#### WHAT IS EXPECTED:
All entries below must be written out verbatim, and the images must be dropped.

#### RECORDS PROVIDED:

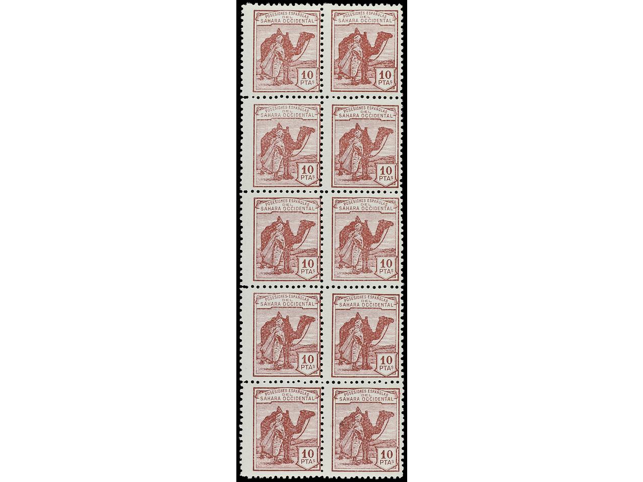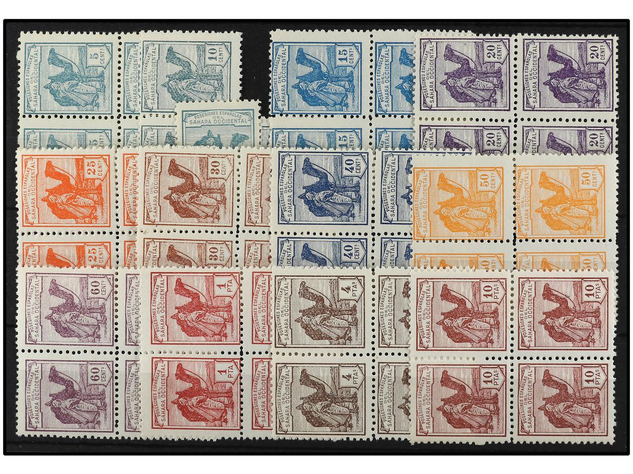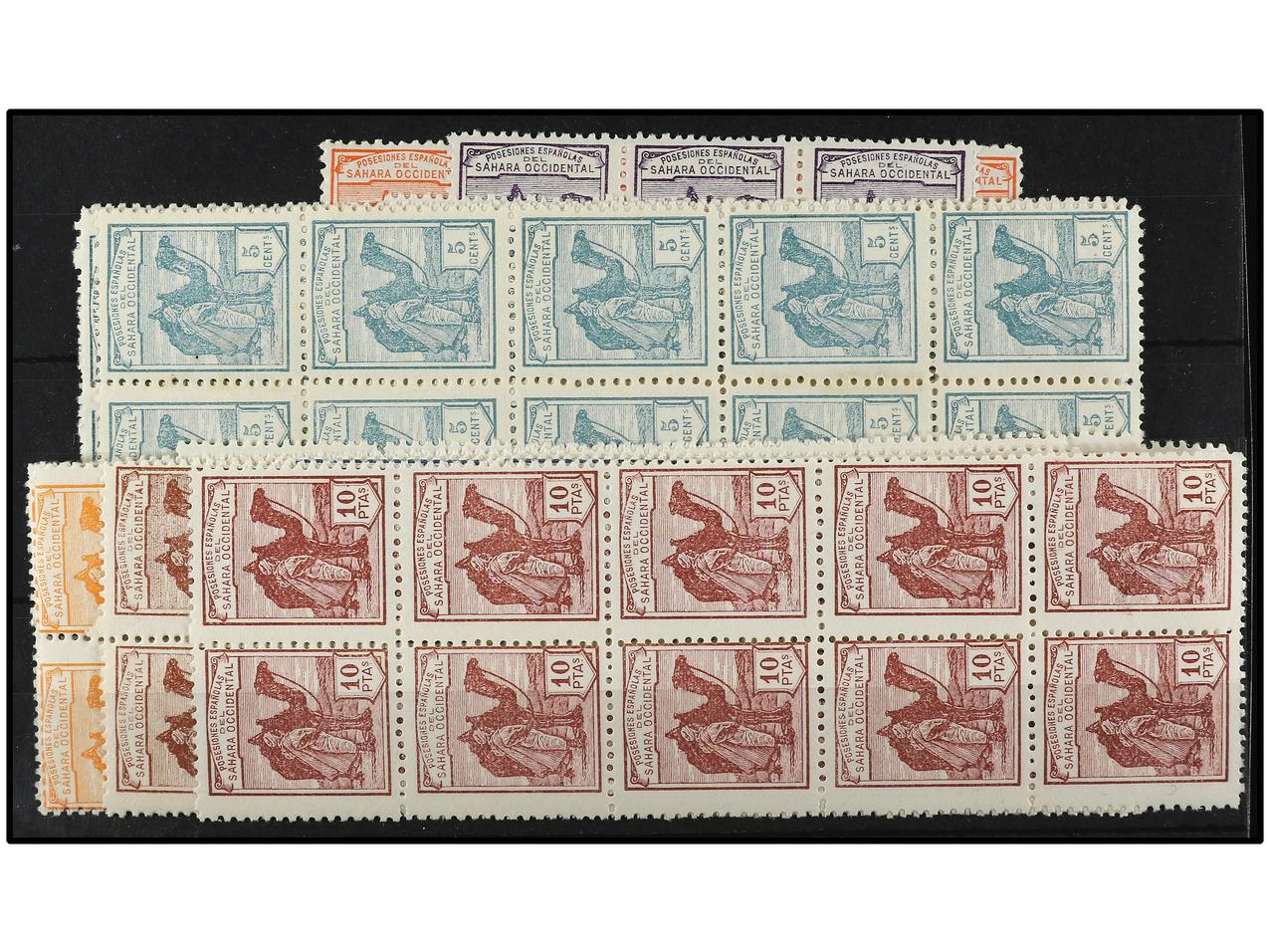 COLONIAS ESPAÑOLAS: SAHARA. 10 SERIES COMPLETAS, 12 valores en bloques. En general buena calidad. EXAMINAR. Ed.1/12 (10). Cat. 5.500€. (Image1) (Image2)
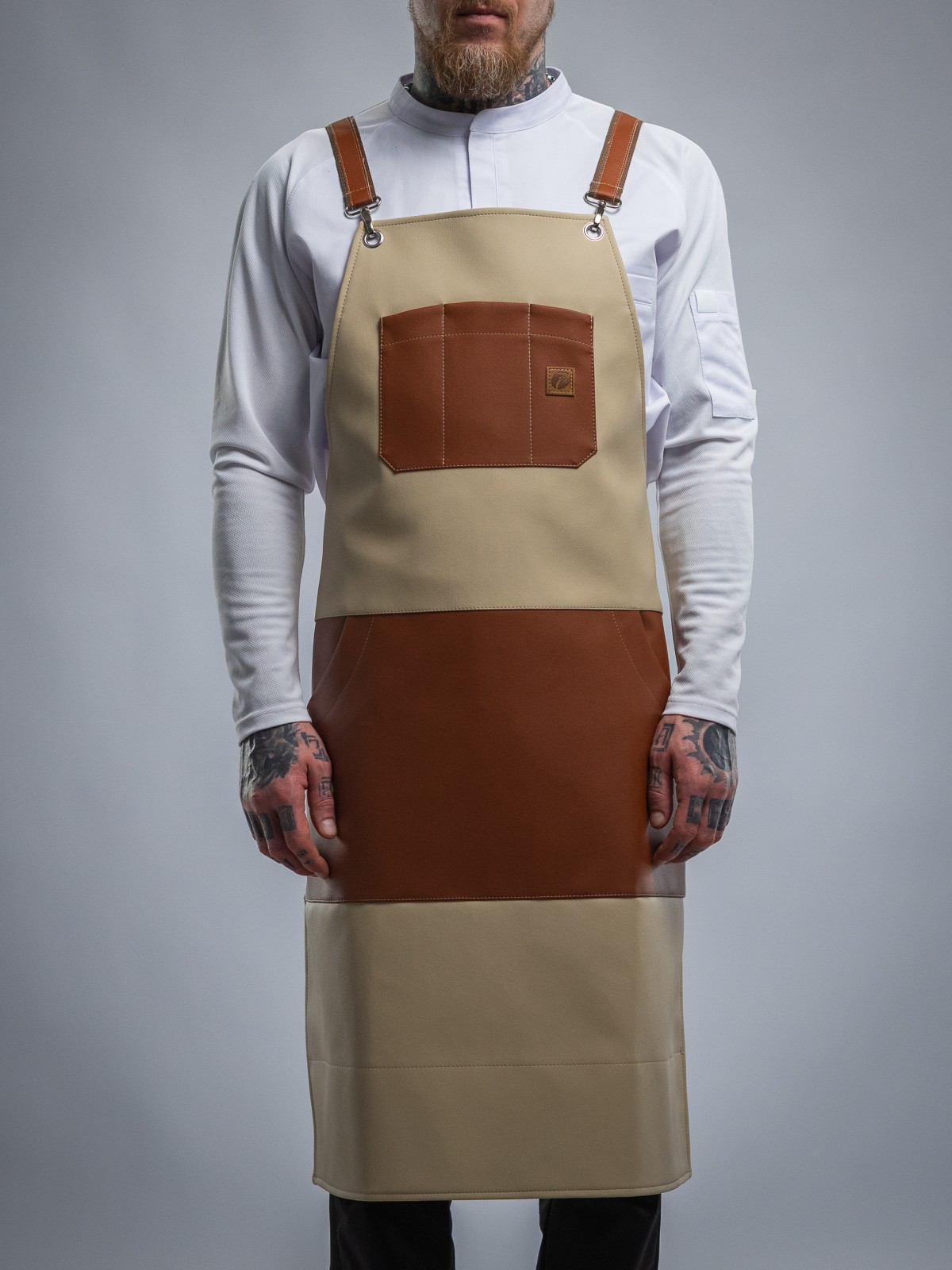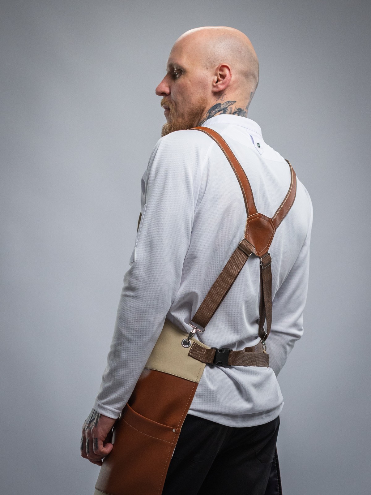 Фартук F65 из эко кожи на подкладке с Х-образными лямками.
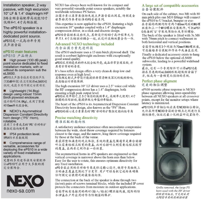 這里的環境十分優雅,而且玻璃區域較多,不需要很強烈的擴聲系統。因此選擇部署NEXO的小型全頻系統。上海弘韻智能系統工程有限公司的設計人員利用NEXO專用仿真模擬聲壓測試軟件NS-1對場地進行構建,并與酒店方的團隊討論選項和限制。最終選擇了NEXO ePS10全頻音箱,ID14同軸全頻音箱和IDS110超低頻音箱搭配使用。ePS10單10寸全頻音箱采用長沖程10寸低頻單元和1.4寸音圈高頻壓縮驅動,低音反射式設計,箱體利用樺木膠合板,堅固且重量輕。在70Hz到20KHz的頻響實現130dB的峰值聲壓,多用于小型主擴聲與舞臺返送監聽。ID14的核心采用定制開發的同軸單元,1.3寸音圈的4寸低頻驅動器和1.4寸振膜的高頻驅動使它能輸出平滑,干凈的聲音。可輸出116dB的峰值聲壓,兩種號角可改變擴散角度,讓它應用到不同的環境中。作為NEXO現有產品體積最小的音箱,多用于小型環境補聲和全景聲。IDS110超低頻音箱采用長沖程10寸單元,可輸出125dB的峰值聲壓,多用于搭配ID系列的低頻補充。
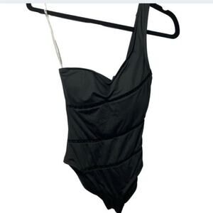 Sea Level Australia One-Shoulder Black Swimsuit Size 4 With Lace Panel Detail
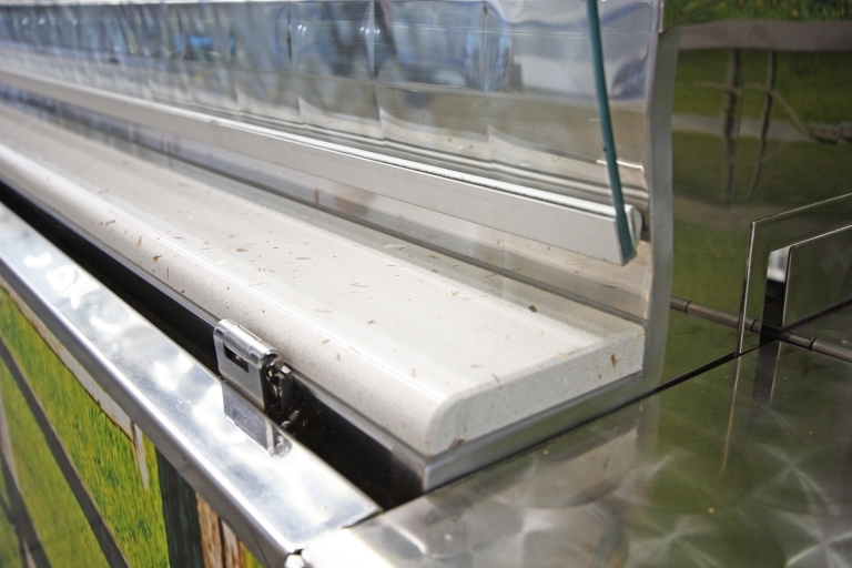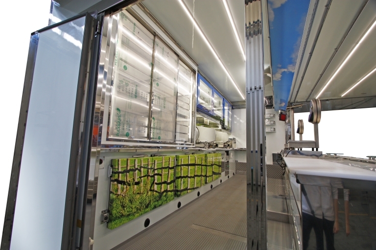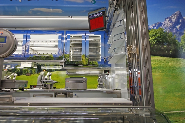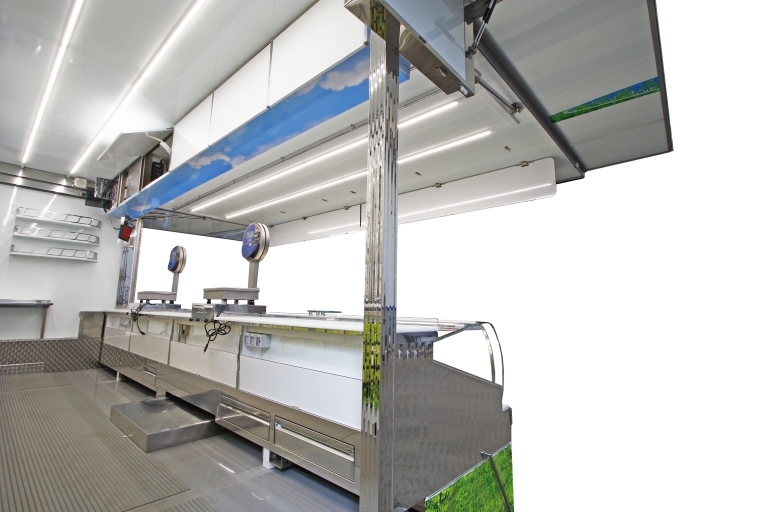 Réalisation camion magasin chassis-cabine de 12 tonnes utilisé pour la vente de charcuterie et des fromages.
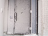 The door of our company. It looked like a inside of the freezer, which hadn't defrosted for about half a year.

#### SOLVED PROBLEM:
 COLONIAS ESPAÑOLAS: SAHARA. 10 SERIES COMPLETAS, 12 valores en bloques. En general buena calidad. EXAMINAR. Ed.1/12 (10). Cat. 5.500€. (Image1) (Image2)
 Фартук F65 из эко кожи на подкладке с Х-образными лямками.
 這里的環境十分優雅,而且玻璃區域較多,不需要很強烈的擴聲系統。因此選擇部署NEXO的小型全頻系統。上海弘韻智能系統工程有限公司的設計人員利用NEXO專用仿真模擬聲壓測試軟件NS-1對場地進行構建,并與酒店方的團隊討論選項和限制。最終選擇了NEXO ePS10全頻音箱,ID14同軸全頻音箱和IDS110超低頻音箱搭配使用。ePS10單10寸全頻音箱采用長沖程10寸低頻單元和1.4寸音圈高頻壓縮驅動,低音反射式設計,箱體利用樺木膠合板,堅固且重量輕。在70Hz到20KHz的頻響實現130dB的峰值聲壓,多用于小型主擴聲與舞臺返送監聽。ID14的核心采用定制開發的同軸單元,1.3寸音圈的4寸低頻驅動器和1.4寸振膜的高頻驅動使它能輸出平滑,干凈的聲音。可輸出116dB的峰值聲壓,兩種號角可改變擴散角度,讓它應用到不同的環境中。作為NEXO現有產品體積最小的音箱,多用于小型環境補聲和全景聲。IDS110超低頻音箱采用長沖程10寸單元,可輸出125dB的峰值聲壓,多用于搭配ID系列的低頻補充。
 Sea Level Australia One-Shoulder Black Swimsuit Size 4 With Lace Panel Detail
 Réalisation camion magasin chassis-cabine de 12 tonnes utilisé pour la vente de charcuterie et des fromages.
 The door of our company. It looked like a inside of the freezer, which hadn't defrosted for about half a year.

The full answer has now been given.